EDIT - Improved the question by including a reproducible example and giving more clarity to my issues
Hi, my issue is that I have to translate this Stata code to R for it to be used in a large dataset:
sort UF UPA Ano Trimestre
loc j = 1
loc stop = 0
loc count = 0
while `stop' == 0 {
loc lastcount = `count'
count if p201 == . & n_p == `i'+1
loc count = r(N)
if `count' == `lastcount' {
loc stop = 1
}
else {
if r(N) != 0 {
replace p201 = p201[_n - `j'] if
UF == UF[_n - `j'] &
UPA == UPA[_n - `j'] &
n_p == `i'+1 & n_p[_n - `j'] == `i' &
p201 ==. & forw[_n - `j'] != 1 &
replace forw = 1 if UF == UF[_n + `j'] &
UPA == UPA[_n + `j'] &
p201 == p201[_n + `j'] &
n_p == `i' & n_p[_n + `j']==`i'+ 1 &
forw != 1
loc j = `j' + 1
}
else {
loc stop = 1
}
}
}
replace back = p201 !=. if n_p == `i'+1
replace forw = 0 if forw != 1 & n_p == `i'
}
My dataset is huge and more complex than the example posted below. I would like to understand mainly what is the usefulness of the while loop involving j.

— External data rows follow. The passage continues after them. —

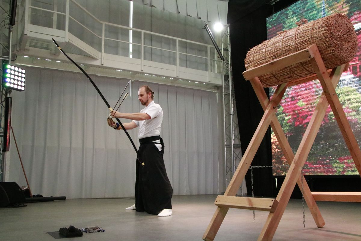Техника стрельбы отлична от европейской: японцы по-другому натягивают тетиву, с другой стороны вкладывают стрелу. Эта техника вырабатывалась веками — так лучникам Страны восходящего солнца было проще стрелять, не выходя из седла.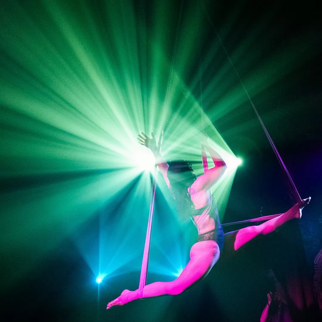 Our stunning aerial trio, representing the Three Fates, will weave your destiny on an all-new invented apparatus created by Amy Haderer. It includes a mobi, which is a trapeze-and-lyra hybrid, forged by VVolfy Metalworks here in Denver. It includes hand-braided loops and tails made out of green tricot. We are so excited to open the show with this innovative apparatus and its accompanying movements to a new, original song.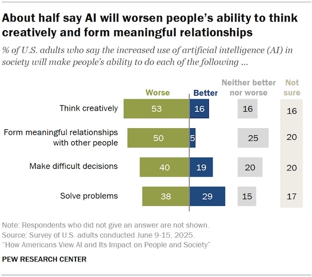 Some 53% of American adults think the increased use of AI will make people's ability to think creatively worse, and 50% think it will make their ability to form meaningful relationships worse.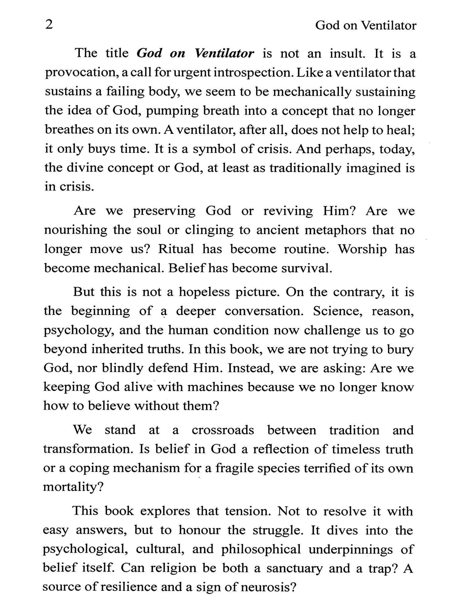 The title of this book, God on Ventilator, immediately sparks curiosity. It plants a question in the reader's mind and builds a strong desire to uncover what lies within its pages. Dr. K.P. Wasnik has taken on a bold and abstract subject and skillfully explored it through deep research and philosophical analysis. He gently initiates the reader into the idea of God's existence, only to later challenge and ultimately deconstruct that very idea using the principles of Buddhist philosophy.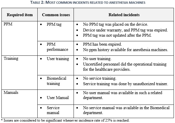 This section aims to sum up the previous statistics to indicate the most and least common issues of SHCF that are in non-compliance with SFDA requirements for critical medical device. Table 2 indicates that the most common issues of anesthesia are related to PPM, Training and manual. PPM activity shall be performed properly in reference to manufacturer recommendations to ensure the ideal life span, well-functioning, and safety of healthcare providers and patients. Upon that, acquiring deficiencies through PPM performance or in ppm tag with a frequency of 27% will impair the healthcare facility in total. Technical and operational pieces of training present a prime opportunity to expand the knowledge base of healthcare providers in operating and utilizing the anesthesia machine. Nonetheless, the anesthesia machine is not like any other tool, it is a life support machine that will perform well when operators know how to use it properly. Consequently, any technical or user training neglect with 40% and 33% occurrence repetition will elevate the risk of adverse events and recalls. The role of service and user manuals with medical devices is to comprehend how the anesthesia works technically and clinically. Not only that, but having also written manuals will ease the route to obtain information, transfer knowledge, and self-learning. Thus, having a shortage of manuals in the healthcare facilities would point out the lack of knowledge in implementing the clinical and technical practices into and from the medical devices, and recurring this issue by 30% for user manual and 40% for service manual will increase it.

Here is a toy example and the desired result in R:
start <- data.frame(
Ano = c(2012, 2012, 2012, 2012),
Trimestre = c("1", "2", "3", "4"),
UF = c(28, 28, 28, 28),
UPA = c(280020150, 280020150, 280020150, 280020150),
n_p = c(1, 2, 3, 4),
p201 = c(1, NA, NA, NA),
back = c(NA, NA, NA, NA),
forw = c(NA, NA, NA, NA)
)
end <- data.frame(
Ano = c(2012, 2012, 2012, 2012),
Trimestre = c("1", "2", "3", "4"),
UF = c(28, 28, 28, 28),
UPA = c(280020150, 280020150, 280020150, 280020150),
n_p = c(1, 2, 3, 4),
p201 = c(1, 1, 1, 1),
back = c(NA, 1, 1, 1),
forw = c(1, 1, 1, 0)
)
Mainly, in the dataset there are multiple possible combinations for UF, UPA that identify the individual. Ano and Trimestre denote year and trimesters.
It seems as if the dataset is only matching all rows with the same UF-UPA by having them all according to the first value of p201 in each group. Variables back and forw equal 1 if an observation is paired with some other one in a past or future date.

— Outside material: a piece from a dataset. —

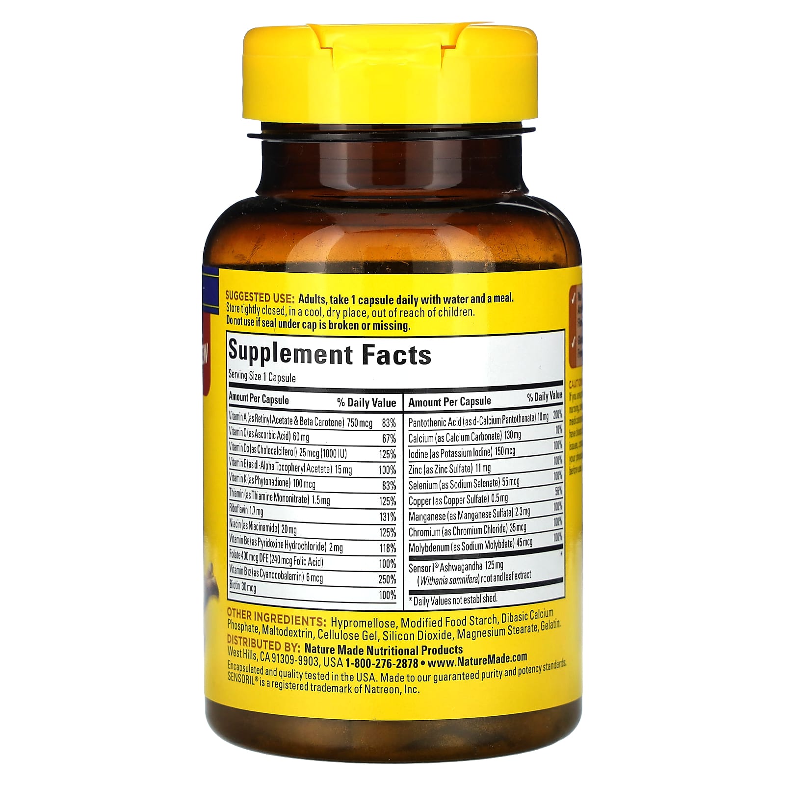 Плюс для повседневной жизни: Мультивитамины и ашваганда Nature Made® — это мультивитаминный комплекс с дополнительным действием стресса. Одна капсула содержит 21 основное питательное вещество для ежедневной поддержки питания, включая ключевые питательные вещества, такие как витамин С для поддержки здоровья иммунной системы, витамин D для поддержки здоровья костей, зубов, мышц и иммунной системы, витамины группы B для поддержки работы клеток мозга и выработки клеточной энергии, а также Магний для расслабления мышц и поддержания здоровья нервной системы, сердца и костей. Кроме того, каждая капсула содержит ашваганду Sensoril® для снижения стресса и периодической тревожности.

My question then is if someone can help me say what are the while and j's for? I am not sure if the code could be greatly simplified in R by only using group_by from dplyr. I am not sure even if a for loop would be required.
However, I am not sure if this is only because of the particular subset of the data I have posted here or if these parts are indeed necessary. Is there a clever way to find out by testing some other stuff?